Heat is added to 0.77 kg of ice at -25 °C. How many kilocalories are required to change the ice to steam at 131 °C?
I don't even know where to begin with this
add the heat to heat the ice to 0C
Then the heat to melt the ice at 0C
then to heat the water from 0C t0 100C
then to convert the water to steam at 100C
then to heat the steam from 100C to 131C
add them all up.
To answer this question, you will need to calculate the amount of heat required to change the ice to water at 0 °C, then the heat required to change the water to steam at 100 °C, and finally the heat required to raise the temperature of the steam from 100 °C to 131 °C.

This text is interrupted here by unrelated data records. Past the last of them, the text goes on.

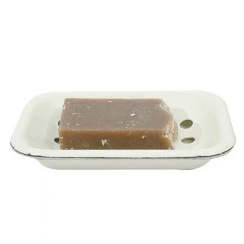 Distressed Enameled Soap Dish with Tray, Set of 2
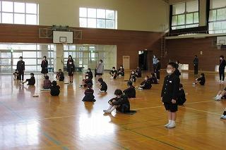 体育館に遊びに行く5年生に声をかけると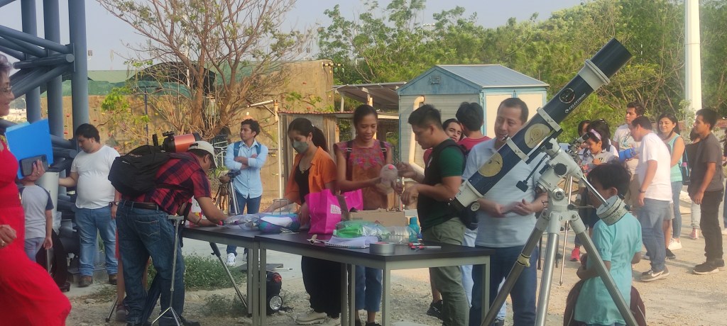 Colaboradores, miembros del Club Espacial de Chiapas, realizaron actividades en el Parque de Villa Corzo, el domingo 13 de abril.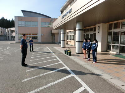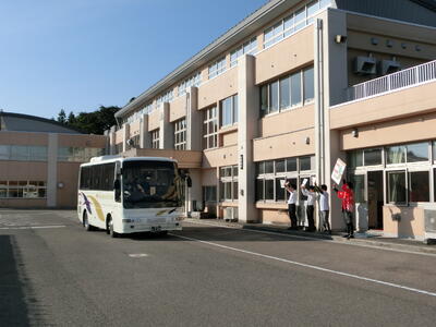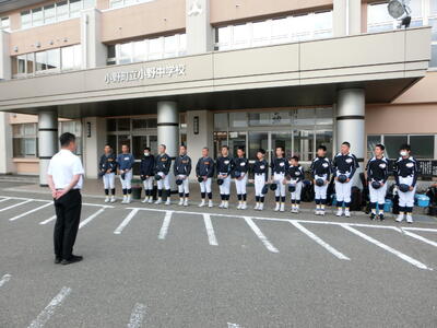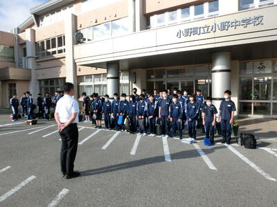 町内以外の会場で試合を行う部活動が、7時前に無事学校を出発しました。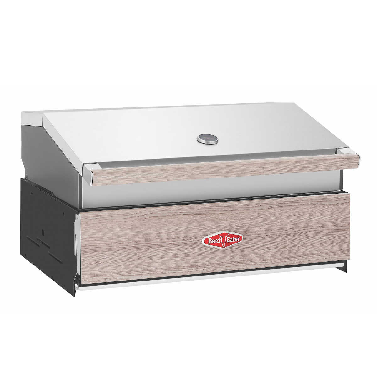Designtechnisch ist der BeefEater Gasgrill 1500 Serie für Eure Außenküche ein wahres Upgrade. Nach dem Grillen verschwinden die Bedienelemente ganz einfach hinter der Designklappe mit edler Holzoptik und Euer Grill wird zum echten Blickfang. Insbesondere im Betrieb im Dunkeln könnt Ihr mit nur einem Klick die blau leuchtenden Sicherheits-LEDs an den Bedienknöpfen einschalten und habt so auch zu späterer Stunde noch alles im Blick.

Let's break it down step by step:
Step 1: Heat required to change ice to water
- The heat required to change the state of a substance is given by the formula: Q = m * L, where Q is the heat, m is the mass, and L is the latent heat of fusion.
- For ice, the latent heat of fusion (L) is 334 kilojoules per kilogram (kJ/kg).
- First, convert the mass from kg to grams: 0.77 kg = 770 grams.
- The heat required to change the ice to water is: Q1 = m * L = 770 g * 334 kJ/kg = 257,380 kJ.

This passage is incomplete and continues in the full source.